Rate each statement from 1 to 5. The highest cluster usually points to the script you currently prefer.
| Statement | Script clue |
|---|---|
| I need sustained, deep conversation with a partner or I cannot fully invest. | Intimacy-growth |
| If a relationship cannot land in real-life cooperation, I feel less and less safe. | Stable-partner / Practical-negotiation |
| Without obvious sparks and freshness, I quickly question whether the relationship is worth continuing. | High-passion / Playful-testing |
| I often judge whether I am loved by the other person’s response speed and changes in attitude. | Anxious-possessive |
| I easily use caring for someone as proof that I deserve love. | Self-sacrificing |
| I seriously evaluate compatibility in money, time, and daily rhythm. | Practical-negotiation |
| I need both depth and stability; I do not want the relationship to run only on intense emotion. | Intimacy-growth / Stable-partner |
| I care more about whether someone can carry things with me than whether they only say beautiful words. | Stable-partner |
The following studies support the article framework and risk reminders. This public-facing draft preserves the research logic without turning statistical associations into deterministic claims.
[1] Sternberg, R. J. (1986). A Triangular Theory of Love. Psychological Review, 93(2), 119-135. DOI: 10.1037/0033-295X.93.2.119.
[2] Hendrick, C., & Hendrick, S. (1986). A Theory and Method of Love. Journal of Personality and Social Psychology, 50(2), 392-402. DOI: 10.1037/0022-3514.50.2.392.
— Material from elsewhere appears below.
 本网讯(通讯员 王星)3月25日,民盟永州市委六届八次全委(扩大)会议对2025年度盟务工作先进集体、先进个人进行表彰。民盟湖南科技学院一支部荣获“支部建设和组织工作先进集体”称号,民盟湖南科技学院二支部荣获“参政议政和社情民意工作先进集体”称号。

[3] Davis, K. E., & Latty-Mann, H. (1987). Love Styles and Relationship Quality: A Contribution to Validation. Journal of Social and Personal Relationships, 4(4), 409-428. DOI: 10.1177/0265407587044002.
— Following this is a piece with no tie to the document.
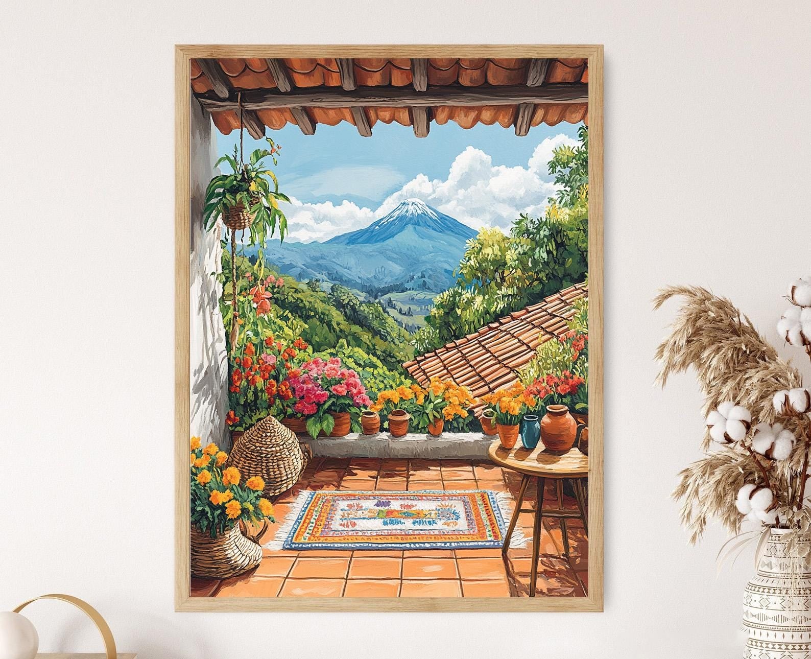 Découvrez cette magnifique affiche inspirée par l'esprit artisanal du Costa Rica, mettant en scène un patio d'Alajuela rempli de paniers tissés Chorotega, de masques colorés et de textiles teints à la main, le tout sur fond du volcan Poás. Cette illustration chaleureuse et vivante apporte une touche de charme et d'authenticité à votre décoration murale, idéale pour les amateurs d'art mural et de culture. Ajoutez une note d'évasion et de couleur à votre espace avec ce poster mural captivant.

[4] Taraban, C. B., & Hendrick, C. (1995). Personality Perceptions Associated with Six Styles of Love. Journal of Social and Personal Relationships, 12(3), 451-463. DOI: 10.1177/0265407595123008.
[5] Acker, M., & Davis, M. H. (1992). Intimacy, Passion and Commitment in Adult Romantic Relationships: A Test of the Triangular Theory of Love. Journal of Social and Personal Relationships, 9(1), 21-50. DOI: 10.1177/0265407592091002.